Sources of the fundraising reports
Disclaimer: The information presented in this publication comes from publicly available sources. While the management company uses strict data selection criteria and focuses on the reliability of its sources, it cannot be held responsible for any inaccuracies, omissions, or errors in the data provided. This publication is for informational purposes only and does not constitute an investment recommendation.

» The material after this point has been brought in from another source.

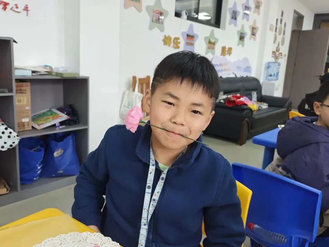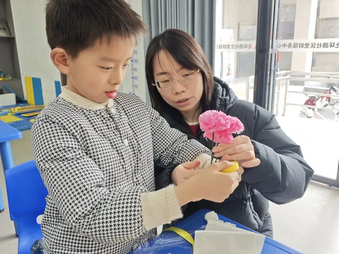 讲解过后,DIY 花束手工制作环节正式开始。志愿者为孩子们分发制作材料包,老师耐心讲解拆分、折叠、粘贴、造型等制作步骤。孩子们认真聆听、学好方式方法,迫不及待的动手实践,将一片片彩纸变成一朵朵精致的粉色花朵。单枝的康乃馨陆续完成,但心意不止于此。接下来,孩子们学习如何将几朵花组合成一束,并用漂亮的包装纸和丝带进行装饰。“选三朵康乃馨搭配在一起,高低错落会更好看”,“包装纸可以这样斜着放,一层一层包裹住花茎,最后系上一个蝴蝶结”,“老师,快来帮帮我,我不会扎蝴蝶结”......孩子们变成了小小的花艺师,精心设计着自己的作品。每一束美丽而独特的手工花束,都凝结了孩子最纯粹的心意。

The Oracle Texas data center deal being structured without traditional investment bankers or lawyers highlights how desperate the AI infrastructure race has become. While Altman's direct approach may have accelerated negotiations, the circular financing and milestone linked payments create significant execution risk for Oracle if OpenAI's revenue projections dont materialize. The fact that analysts are already questioning the opacity of these $300 billion commitments suggests the market understands this is more about securing strategic positioning than traditional ROI analysis. Oracle's willingness to bypass conventional due diligence processs for the sake of speed shows how much they need to compete with AWS and Azure, but it also means shareholders are essentially betting on OpenAI's ability to monetize at unprecedented scale.